(Beginning of DATA SHOWN)

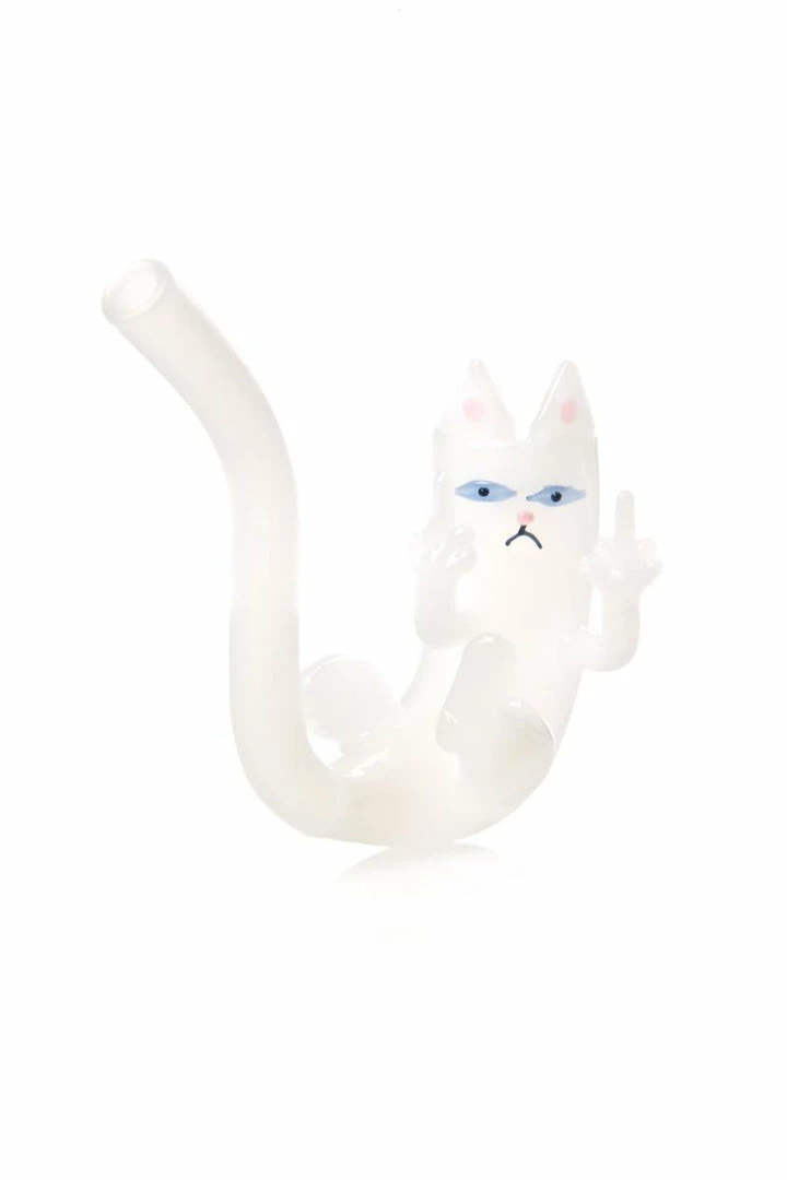 …smokinâ grass outta a catâs azz? Sure, whatever. This dope hand-blown glass pipe features a jerky fuckinâ Nermal flippinâ ya off double time. Load up his head with yr favorite strain and light up or shut up.
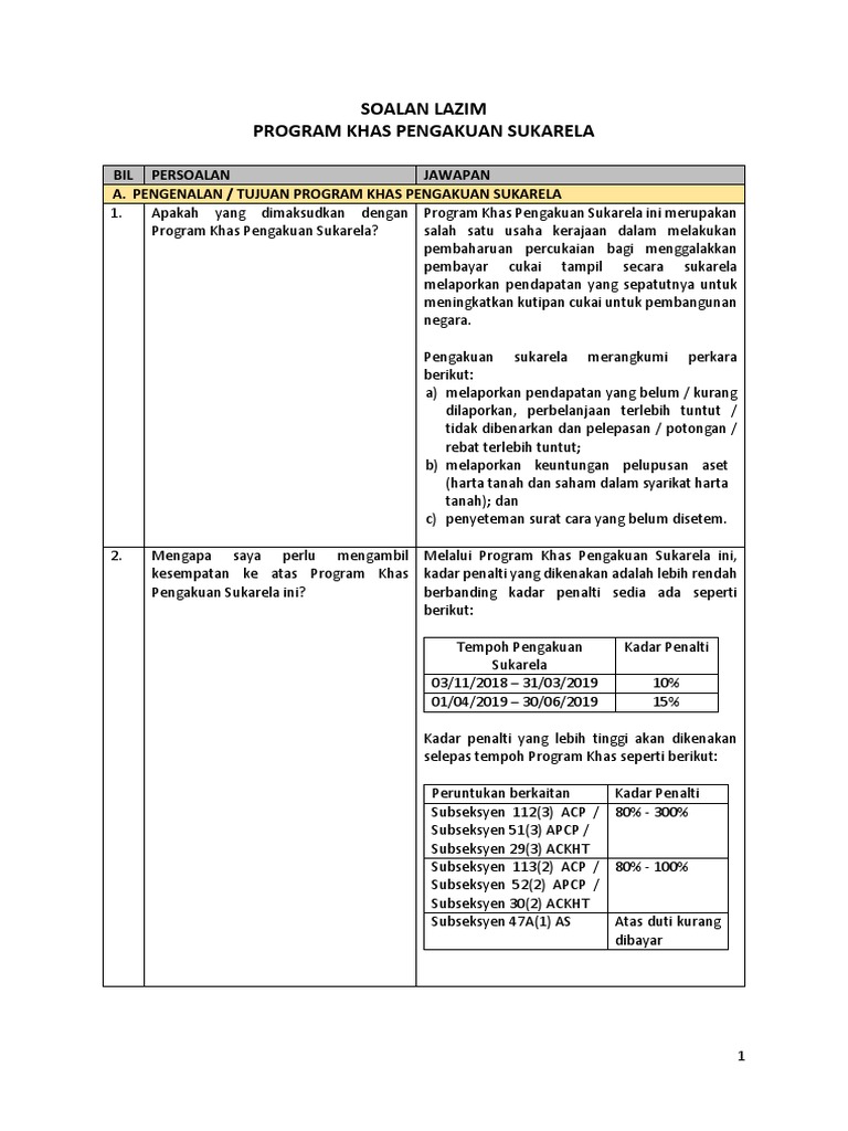 Lhdnm Tawar Program Khas Pengakuan Cukai Secara Sukarela
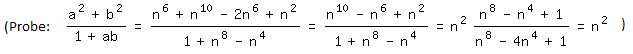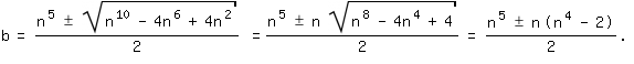 Um darauf zu antworten, wird a=n³ in (1) eingesetzt und b neu berechnet. Die sich dabei ergebende quadratische Gleichung b2-n5b+n6-n2=0 hat die Lösung
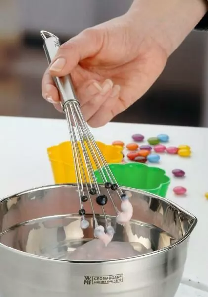 WMF Rührblitz Profi Plus, silikonbeschichtet. Durch das Eigenschwingungen der Silikon-Kugeldrähte gelingt das Anrühren von Saucen, Suppen oder Aufschlagen von Cremes ohne Klümpchen.
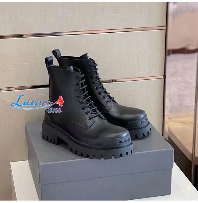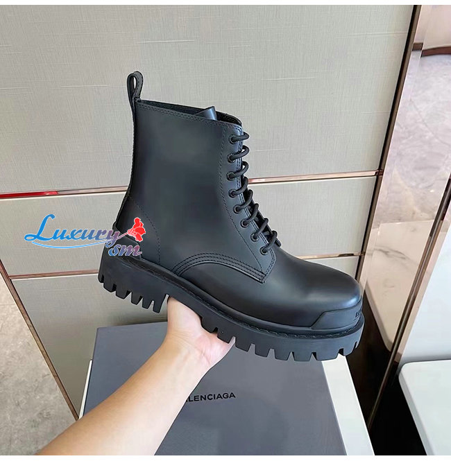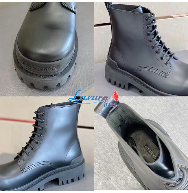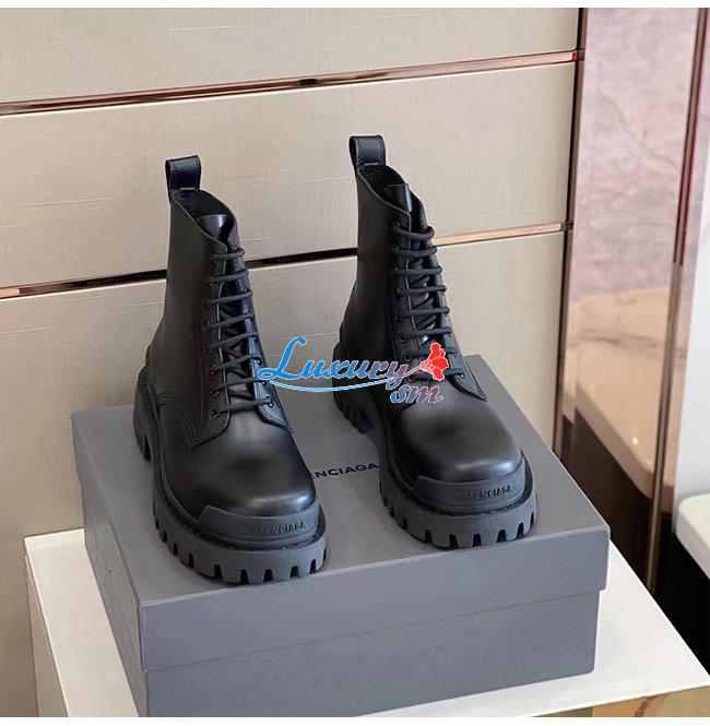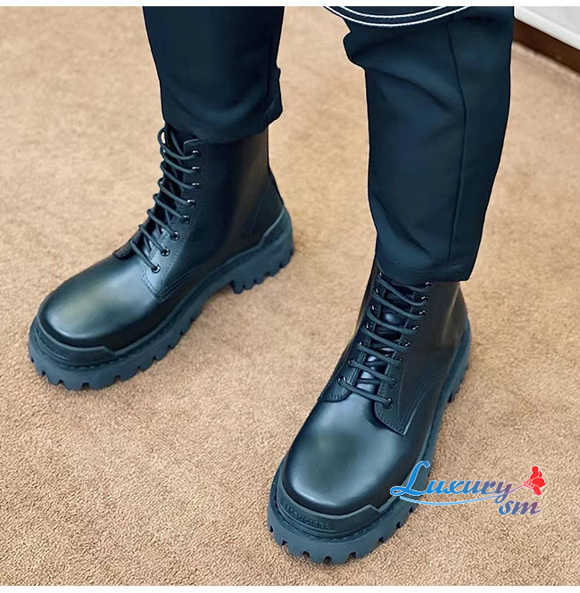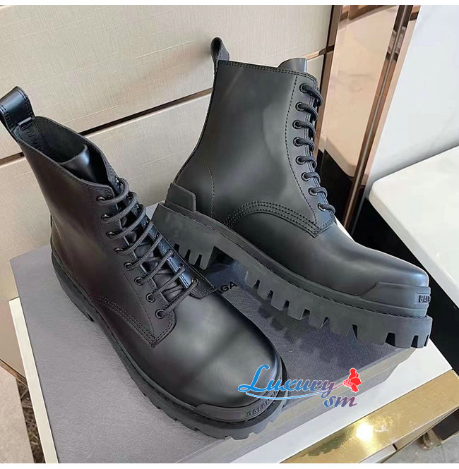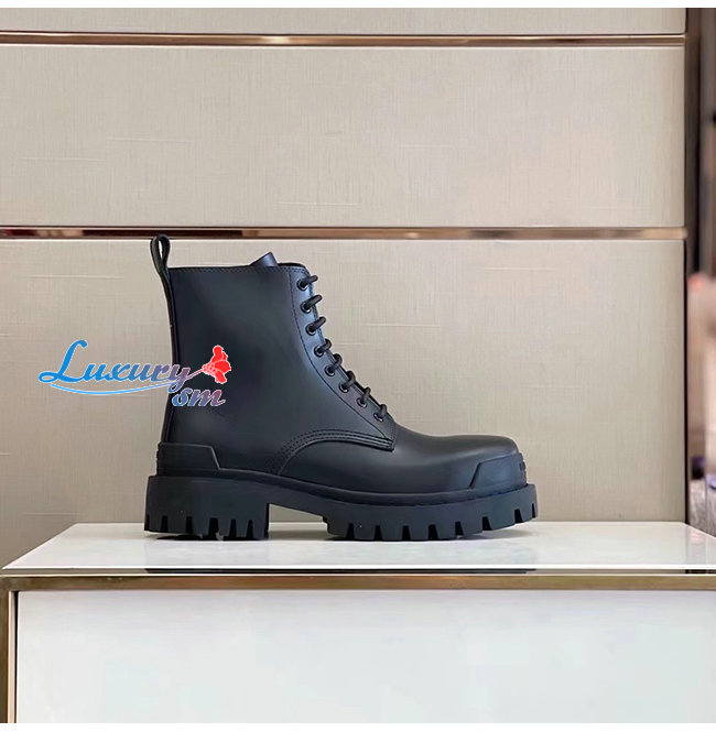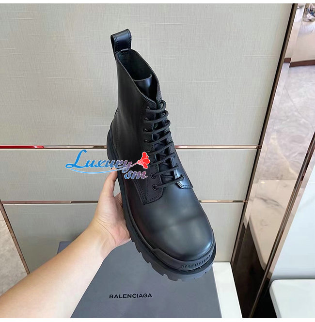 BALENCIAGA-589338 발렌시아가 블랙 카프스킨 STRIKE LACE-UP 부츠 남성용
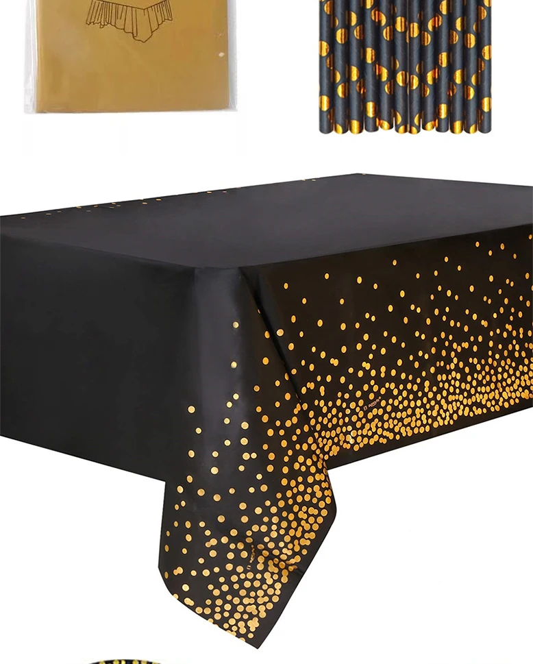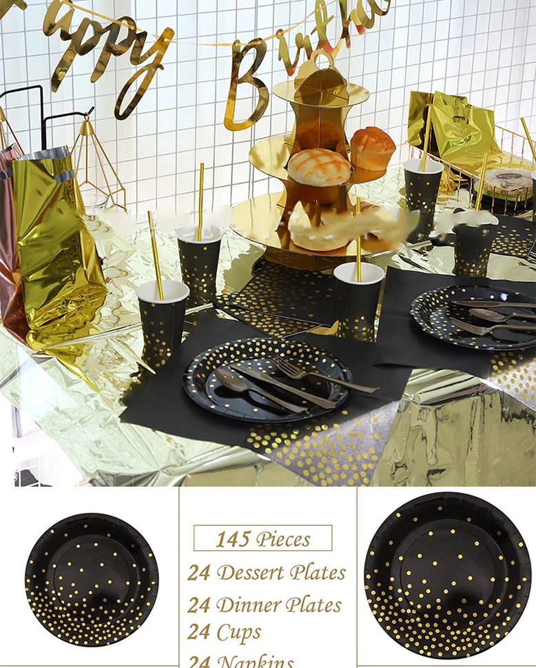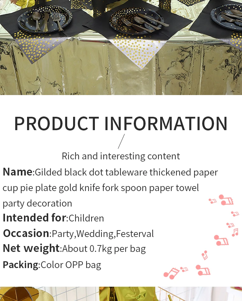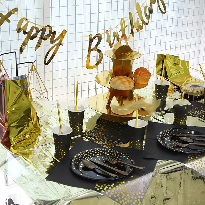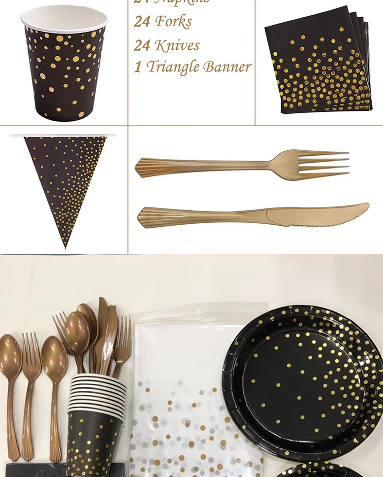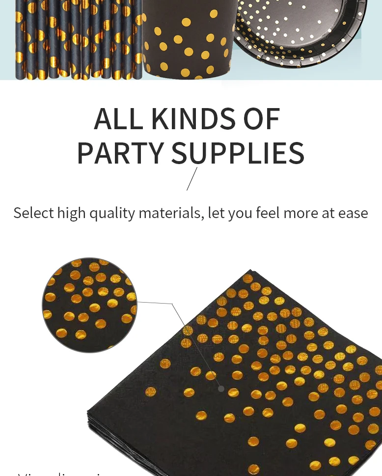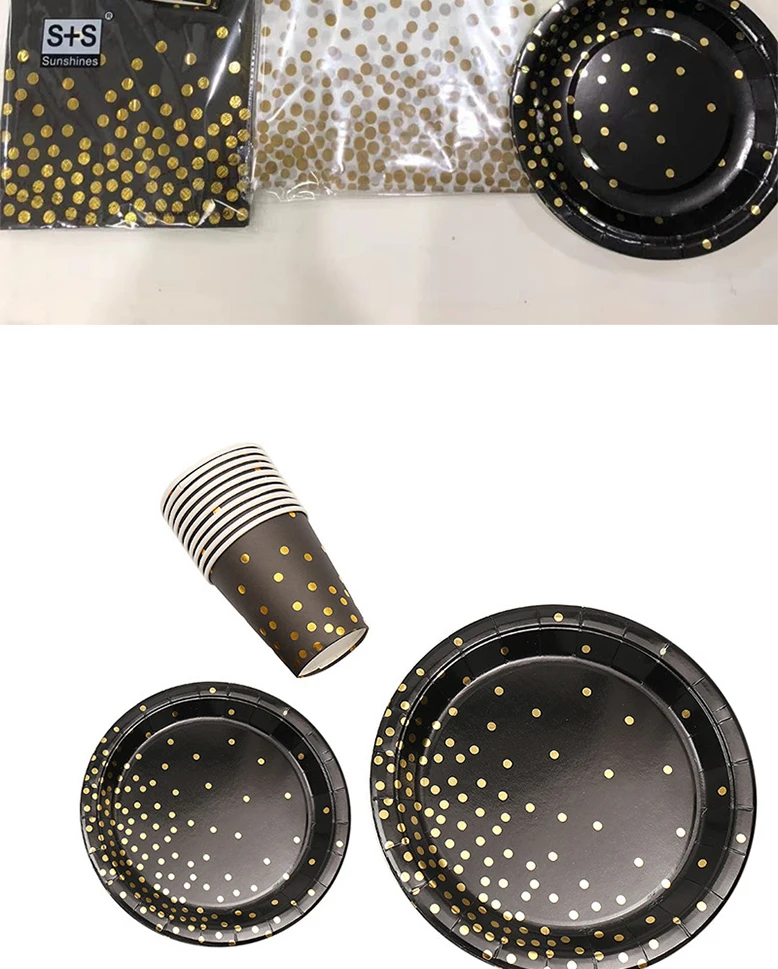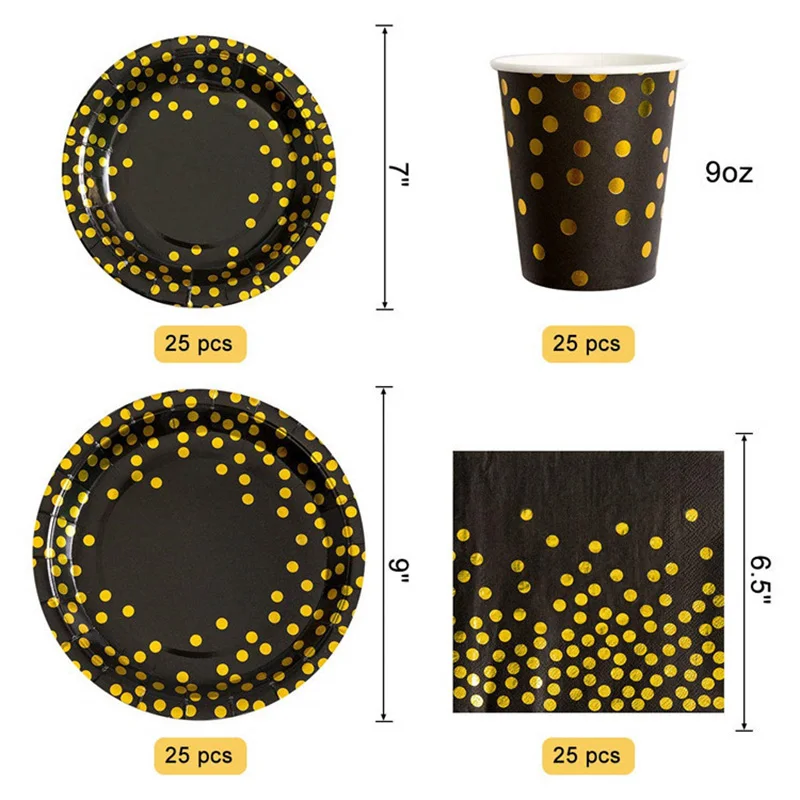 Позолоченные на точках черная одноразовая посуда уплотненный бумажный стаканчик, тарелка держатель для бумажных полотенец черный тема вечерние свадебные украшения

(End of DATA SHOWN)

A word-for-word copy of the listing is needed. It must not include the pictures.

*TASK RESULT:*
 …smokinâ grass outta a catâs azz? Sure, whatever. This dope hand-blown glass pipe features a jerky fuckinâ Nermal flippinâ ya off double time. Load up his head with yr favorite strain and light up or shut up.
 Lhdnm Tawar Program Khas Pengakuan Cukai Secara Sukarela
 Um darauf zu antworten, wird a=n³ in (1) eingesetzt und b neu berechnet. Die sich dabei ergebende quadratische Gleichung b2-n5b+n6-n2=0 hat die Lösung
 WMF Rührblitz Profi Plus, silikonbeschichtet. Durch das Eigenschwingungen der Silikon-Kugeldrähte gelingt das Anrühren von Saucen, Suppen oder Aufschlagen von Cremes ohne Klümpchen.
 BALENCIAGA-589338 발렌시아가 블랙 카프스킨 STRIKE LACE-UP 부츠 남성용
 Позолоченные на точках черная одноразовая посуда уплотненный бумажный стаканчик, тарелка держатель для бумажных полотенец черный тема вечерние свадебные украшения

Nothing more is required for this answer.